Beneath the successful reopening lies a more structural question about whether the country can use this narrow window of macroeconomic stability to defuse a looming debt maturity concentration in 2027 and 2028. The Treasury raised GH¢2.7billion through a seven-year bond priced at 12.5 percent, attracting bids of GH¢3.1billion. The oversubscription points to improving sentiment following two years of fiscal consolidation and debt restructuring.
Yet the significance of the issuance is less about the quantum raised and more about timing. Ghana is attempting to rebuild a long-term domestic yield curve before a cluster of large obligations comes due.
A maturity problem deferred, not resolved
The debt wall is, in part, a by-product of the restructuring itself. The Domestic Debt Exchange Programme (DDEP), launched in December 2022, replaced legacy instruments with new bonds concentrated around specific maturities – notably 2027, 2029, 2032 and 2037. This created a ‘bunching’ effect, with 2027 emerging as a focal pressure point. On the external side, the profile is equally compressed. Ghana faces US$1billion in Eurobond repayments in 2026 and US$2 billion in 2027, following earlier maturities in 2025.
Even after the restructuring agreement reached with international bondholders in principle, the sequencing of obligations leaves limited room for complacency. The risk is not immediate insolvency but refinancing stress. The convergence of domestic and external maturities within a narrow window raises the probability that market conditions, rather than policy intent, could dictate financing terms.

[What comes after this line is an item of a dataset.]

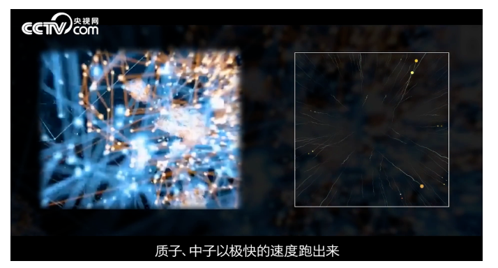 舉個極端的例子,就是原子彈爆炸后鈾或者钚從原子層面裂開,大量的原子核內物質,質子、中子以極快的速度跑出來,到處亂撞。
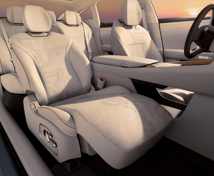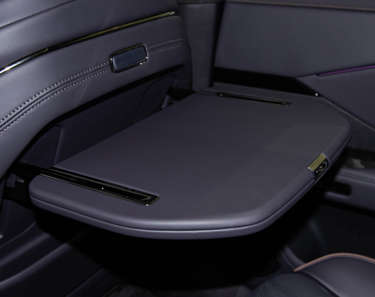内饰采用的是极简风设计,配备有内嵌式长条形仪表盘和悬浮式中控大屏幕,配备了新样式的多功能方向盘,中央功能区域配备了50W手机无线充电面板,有紫色、米色、棕色三种内饰配色可选,科技感营造得较为浓郁。

Buying time through reprofiling
Government’s medium-term debt management strategy (2025–2028) proffers a multi-pronged approach; namely, extend maturities, rebuild market access and reduce refinancing risk before the peak arrives. The seven-year bond fits directly into that logic as each longer-dated issuance shifts obligations away from the 2027 horizon, effectively redistributing repayment pressure over time. With yields having fallen dramtically from crisis-era highs of nearly 28 percent to around 14 percent, the current environment offers a relatively lower-cost opportunity to execute this strategy.
However, the arithmetic is deceptively simple. Success depends on sustained access to the market at reasonable rates, a condition that is inherently fragile for frontier economies. Complicating this is government’s commitment to a zero central bank financing policy in 2026. With no recourse to Bank of Ghana funding, the domestic market must absorb the full borrowing programme. This raises a critical constraint: demand for government securities must deepen fast enough to match supply, without pushing yields back up to elevated levels as last seen in recent years.